Duke: Defensive tackle Vince Oghobaase -- The Blue Devils' leader on the defensive line missed the spring with an injury, but ranks second among active ACC players in both career tackles for loss (29.0) and quarterback sacks (11.5), trailing only N.C. State's Willie Young (32.0 and 12.5). Oghobaase has started all 36 games over the past three years, compiling 128 tackles.

Florida State: Linebacker Dekoda Watson -- He missed the spring after offseason elbow surgery, but should be one of the Noles' top defenders. He ranked fourth on the team with 46 tackles last year.

Georgia Tech: Center Dan Voss -- He was the starter last year, and if his labrum isn't fully recovered (which it should be), aerospace engineer major Sean Bedford moves to the top of the depth chart. Not that there's anything wrong with a super smart center.

Maryland: DT Dion Armstrong -- The Terps had a host of key players miss the spring, but Armstrong, who was out for academic reasons, is at a position in need of some help. It's unclear, though, if Armstrong's academic situation will extend into the summer. Also at defensive tackle for Maryland is Travis Ivey. The coaches raved about his improved play and leadership during the spring, and the offensive line was having a tough time containing him.
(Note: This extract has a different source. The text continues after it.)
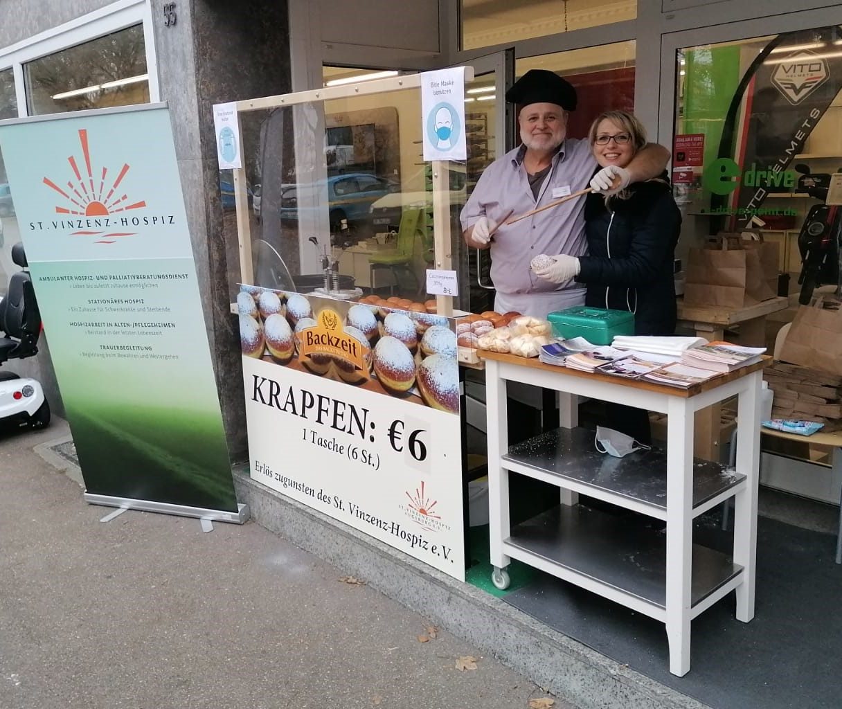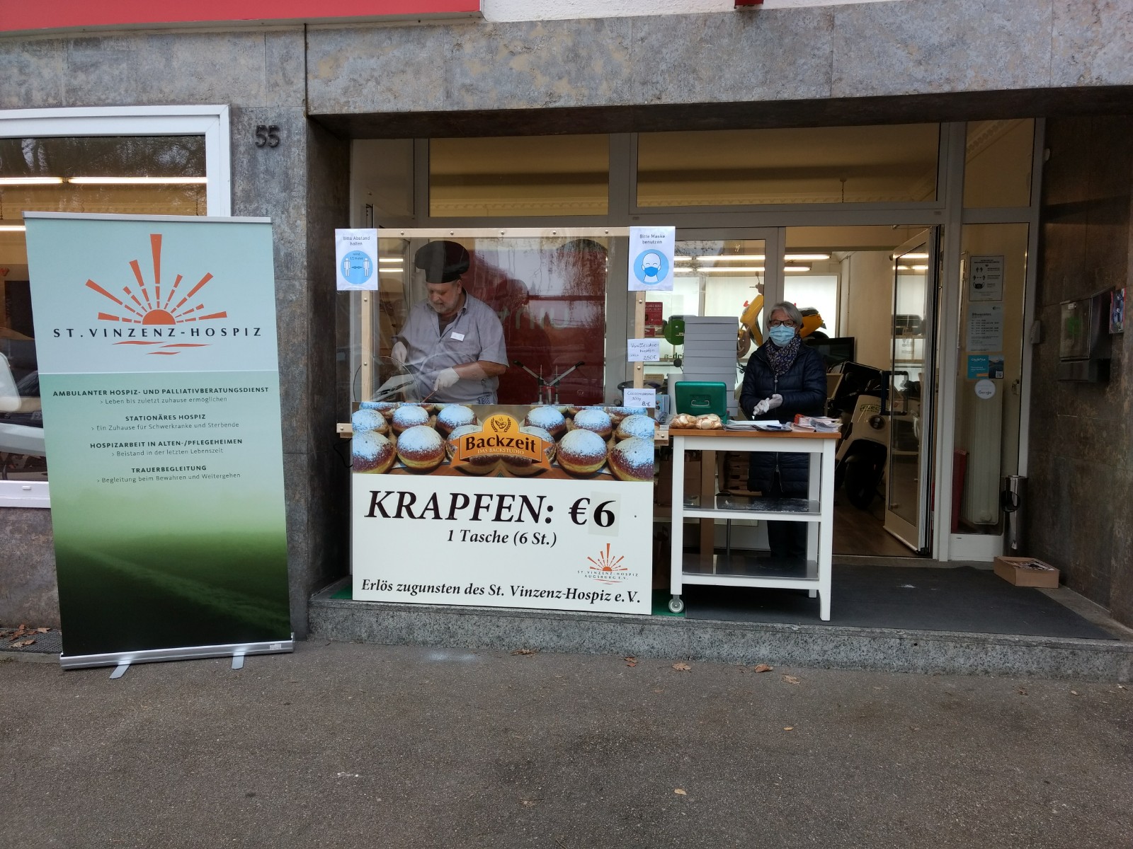 2000 Krapfen in 4 Stunden gingen am 11.11.2020 über die Standtheke des Inhabers Lothar Rother vom Backstudio BackZeit. Der ehrenamtliche Hospizhelfer wollte mit seiner Aktion wieder einmal das Hospiz in den Mittelpunkt stellen und es mit dem Erlös unterstützen. Dass die Krapfen schon um 13.00 Uhr ausverkauft waren, davon war er selbst überrascht. „Das Ganze war ein Probelauf, wie so eine Aktion bei den Augsburgern ankommt. Mit diesem Ansturm hatten wir nicht gerechnet“, sagte Lothar Rother. Er plant nun schon die nächste Krapfenaktion – diesmal mit 4000 Krapfen am Faschingsdienstag, 16.02.2021.

But he got a concussion in the fourth week and missed the rest of the spring. He also had a scheduled shoulder surgery at the end of the spring.

Miami: LB Colin McCarthy -- Miami needs depth at linebacker and McCarthy was playing well last season before a shoulder injury caused him to miss the remainder of the season, starting with the FSU game. He had shoulder surgery.

North Carolina: Free safety Deunta Williams -- He had wrist surgery in January and missed the spring, but should be ready for the fall. He started all 13 games in 2008 and ranked fifth on the team with 65 tackles (55 solo).

NC State: Strong safety Javon Walker -- He's actually missed the last TWO springs and last season with a knee injury, but will be cleared by the fall and is being counted on very heavily in the secondary.

Virginia: Right guard B.J. Cabbell -- He missed spring ball due to knee surgery, but started 12 games last year. The junior is expected back in August.

Virginia Tech: DE Jason Worilds -- Worilds missed the spring after shoulder surgery for an injury that kept him out of the Orange Bowl. End is one of the few positions the Hokies have that lacks depth. Worilds started in 12 of 14 games last year and had eight sacks and 18.5 tackles for loss. The Hokies will also need the return of guard Sergio Render, who missed the spring following shoulder surgery.

Wake Forest: CB Brandon Ghee -- Ghee suffered a sprained knee on the very first day of spring and missed the remainder of practice. The Deacs will need Ghee healthy this fall as he is the only returning starter in the secondary. Starting nose tackle Boo Robinson has also been bothered by a bad back and didn't play this spring.